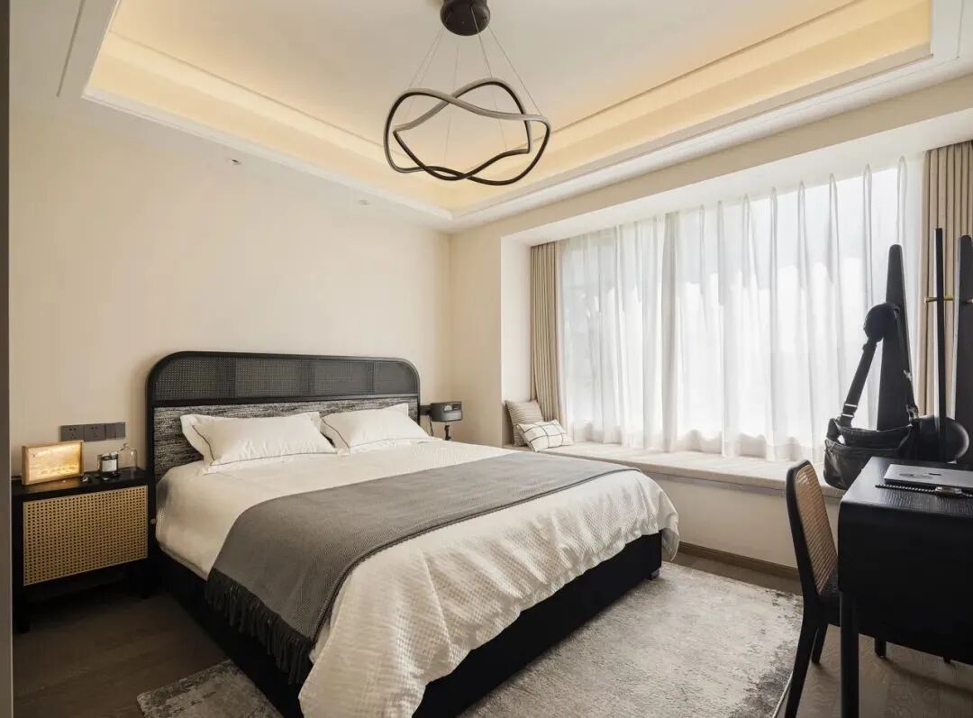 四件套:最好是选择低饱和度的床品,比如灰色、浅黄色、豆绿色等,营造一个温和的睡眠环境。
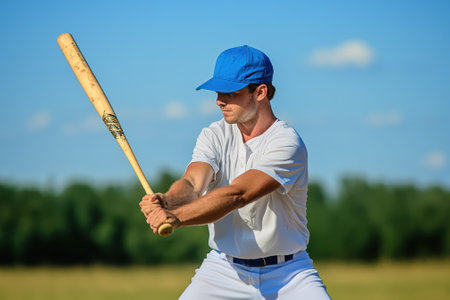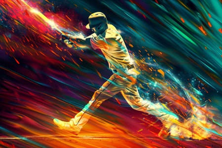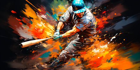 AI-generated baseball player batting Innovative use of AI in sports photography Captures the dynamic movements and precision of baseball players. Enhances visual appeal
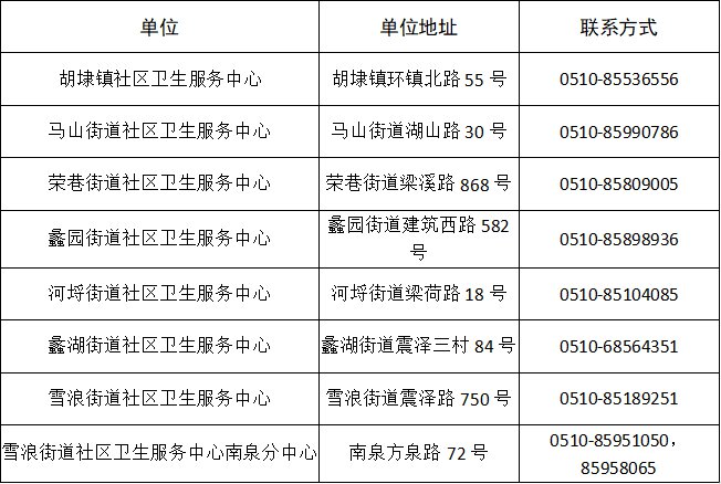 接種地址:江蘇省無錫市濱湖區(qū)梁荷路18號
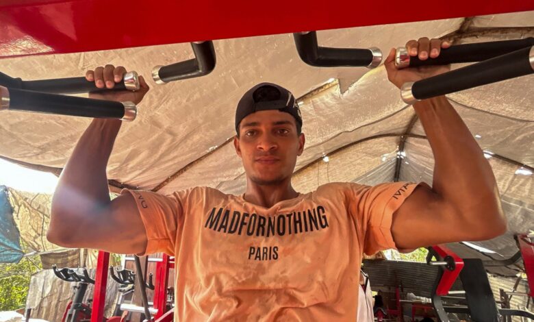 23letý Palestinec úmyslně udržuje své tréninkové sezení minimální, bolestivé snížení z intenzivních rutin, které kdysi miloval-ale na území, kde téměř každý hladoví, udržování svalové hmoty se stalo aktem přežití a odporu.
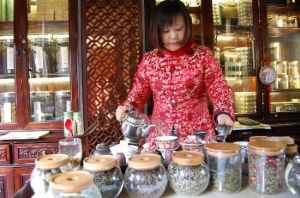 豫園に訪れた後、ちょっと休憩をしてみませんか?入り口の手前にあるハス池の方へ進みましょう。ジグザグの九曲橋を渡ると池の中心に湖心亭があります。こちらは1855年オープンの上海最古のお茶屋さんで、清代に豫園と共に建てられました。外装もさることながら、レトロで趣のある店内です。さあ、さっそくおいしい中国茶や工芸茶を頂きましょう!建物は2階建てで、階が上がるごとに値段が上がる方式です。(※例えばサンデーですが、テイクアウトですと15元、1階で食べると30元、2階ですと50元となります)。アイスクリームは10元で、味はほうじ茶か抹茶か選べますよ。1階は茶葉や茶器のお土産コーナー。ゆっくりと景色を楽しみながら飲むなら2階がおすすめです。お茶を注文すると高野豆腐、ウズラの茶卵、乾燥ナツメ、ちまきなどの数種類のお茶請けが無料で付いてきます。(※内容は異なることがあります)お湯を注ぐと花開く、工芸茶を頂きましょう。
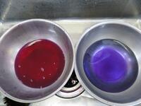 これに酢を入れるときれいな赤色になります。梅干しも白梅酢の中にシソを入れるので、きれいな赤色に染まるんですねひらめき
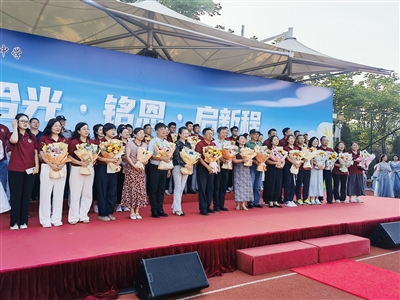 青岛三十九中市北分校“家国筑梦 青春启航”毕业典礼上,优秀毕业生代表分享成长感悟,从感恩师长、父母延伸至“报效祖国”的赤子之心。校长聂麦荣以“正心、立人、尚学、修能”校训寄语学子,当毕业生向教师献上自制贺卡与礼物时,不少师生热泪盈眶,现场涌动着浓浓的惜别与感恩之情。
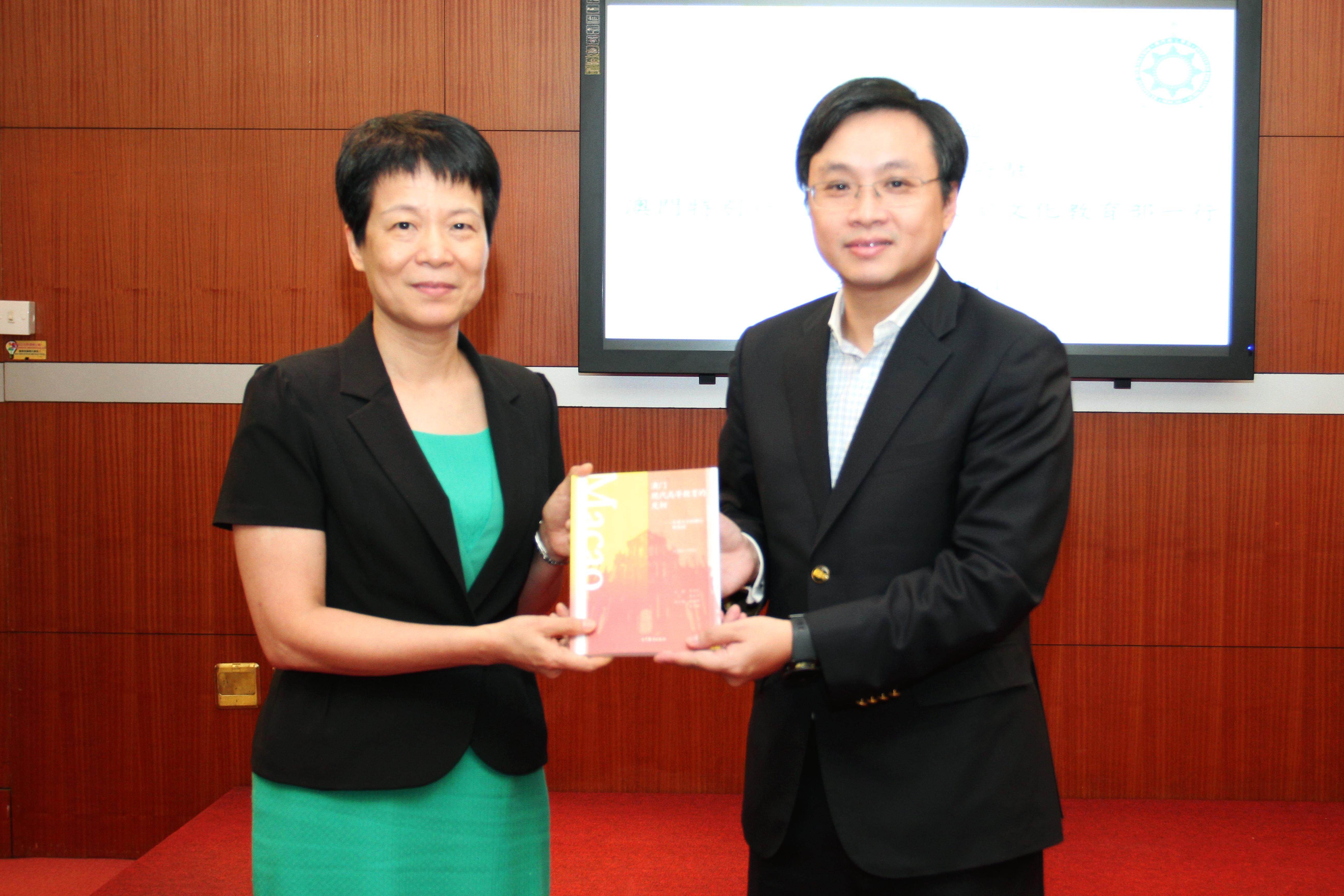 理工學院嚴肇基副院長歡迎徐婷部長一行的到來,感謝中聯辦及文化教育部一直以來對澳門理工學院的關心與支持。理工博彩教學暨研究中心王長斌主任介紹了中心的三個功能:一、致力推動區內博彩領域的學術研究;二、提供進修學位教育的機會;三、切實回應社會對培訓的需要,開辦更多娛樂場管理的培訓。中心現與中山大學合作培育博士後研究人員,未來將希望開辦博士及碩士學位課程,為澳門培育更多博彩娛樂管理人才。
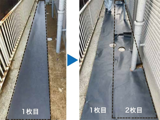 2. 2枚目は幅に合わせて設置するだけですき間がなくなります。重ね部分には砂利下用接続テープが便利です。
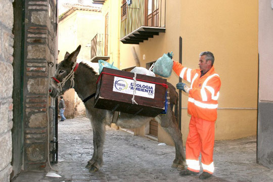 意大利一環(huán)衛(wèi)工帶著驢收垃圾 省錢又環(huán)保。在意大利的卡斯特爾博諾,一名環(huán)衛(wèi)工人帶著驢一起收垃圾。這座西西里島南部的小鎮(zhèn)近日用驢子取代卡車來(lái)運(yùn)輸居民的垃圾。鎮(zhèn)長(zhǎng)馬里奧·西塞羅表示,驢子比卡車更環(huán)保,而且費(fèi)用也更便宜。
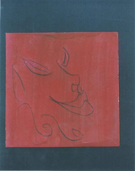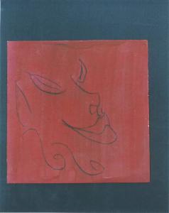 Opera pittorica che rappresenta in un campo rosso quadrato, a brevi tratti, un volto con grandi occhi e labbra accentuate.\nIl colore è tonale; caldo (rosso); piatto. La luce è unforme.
+++
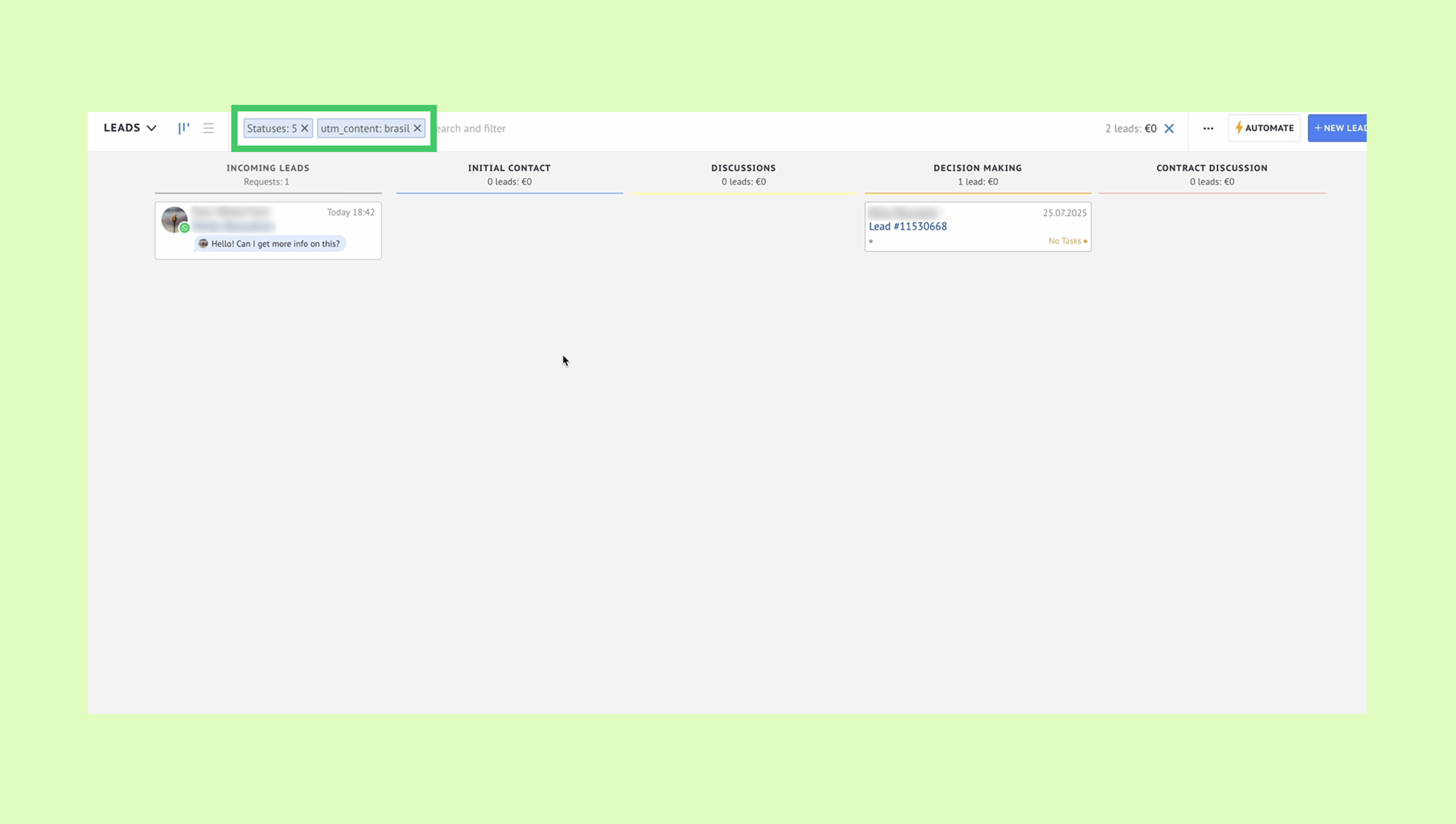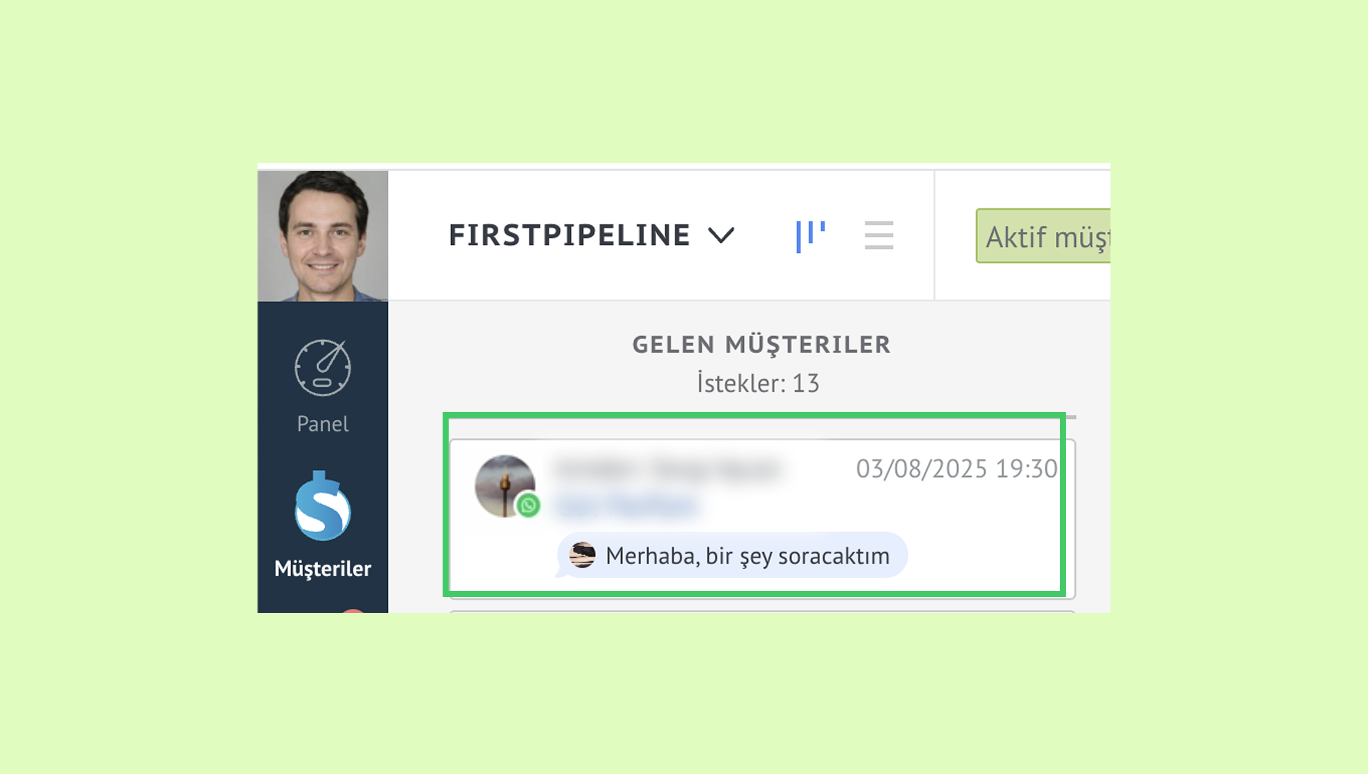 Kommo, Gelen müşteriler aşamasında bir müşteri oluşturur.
+++
* **Try it**
Within the entries above, the lines from the one containing "豫園に訪れた後、ちょっと休憩" through the one containing "Opera pittorica che" are to be transcribed exactly, ends included, pictures excluded.

* **Output**
 豫園に訪れた後、ちょっと休憩をしてみませんか?入り口の手前にあるハス池の方へ進みましょう。ジグザグの九曲橋を渡ると池の中心に湖心亭があります。こちらは1855年オープンの上海最古のお茶屋さんで、清代に豫園と共に建てられました。外装もさることながら、レトロで趣のある店内です。さあ、さっそくおいしい中国茶や工芸茶を頂きましょう!建物は2階建てで、階が上がるごとに値段が上がる方式です。(※例えばサンデーですが、テイクアウトですと15元、1階で食べると30元、2階ですと50元となります)。アイスクリームは10元で、味はほうじ茶か抹茶か選べますよ。1階は茶葉や茶器のお土産コーナー。ゆっくりと景色を楽しみながら飲むなら2階がおすすめです。お茶を注文すると高野豆腐、ウズラの茶卵、乾燥ナツメ、ちまきなどの数種類のお茶請けが無料で付いてきます。(※内容は異なることがあります)お湯を注ぐと花開く、工芸茶を頂きましょう。
 これに酢を入れるときれいな赤色になります。梅干しも白梅酢の中にシソを入れるので、きれいな赤色に染まるんですねひらめき
 青岛三十九中市北分校“家国筑梦 青春启航”毕业典礼上,优秀毕业生代表分享成长感悟,从感恩师长、父母延伸至“报效祖国”的赤子之心。校长聂麦荣以“正心、立人、尚学、修能”校训寄语学子,当毕业生向教师献上自制贺卡与礼物时,不少师生热泪盈眶,现场涌动着浓浓的惜别与感恩之情。
 理工學院嚴肇基副院長歡迎徐婷部長一行的到來,感謝中聯辦及文化教育部一直以來對澳門理工學院的關心與支持。理工博彩教學暨研究中心王長斌主任介紹了中心的三個功能:一、致力推動區內博彩領域的學術研究;二、提供進修學位教育的機會;三、切實回應社會對培訓的需要,開辦更多娛樂場管理的培訓。中心現與中山大學合作培育博士後研究人員,未來將希望開辦博士及碩士學位課程,為澳門培育更多博彩娛樂管理人才。
 2. 2枚目は幅に合わせて設置するだけですき間がなくなります。重ね部分には砂利下用接続テープが便利です。
 意大利一環(huán)衛(wèi)工帶著驢收垃圾 省錢又環(huán)保。在意大利的卡斯特爾博諾,一名環(huán)衛(wèi)工人帶著驢一起收垃圾。這座西西里島南部的小鎮(zhèn)近日用驢子取代卡車來(lái)運(yùn)輸居民的垃圾。鎮(zhèn)長(zhǎng)馬里奧·西塞羅表示,驢子比卡車更環(huán)保,而且費(fèi)用也更便宜。
 Opera pittorica che rappresenta in un campo rosso quadrato, a brevi tratti, un volto con grandi occhi e labbra accentuate.\nIl colore è tonale; caldo (rosso); piatto. La luce è unforme.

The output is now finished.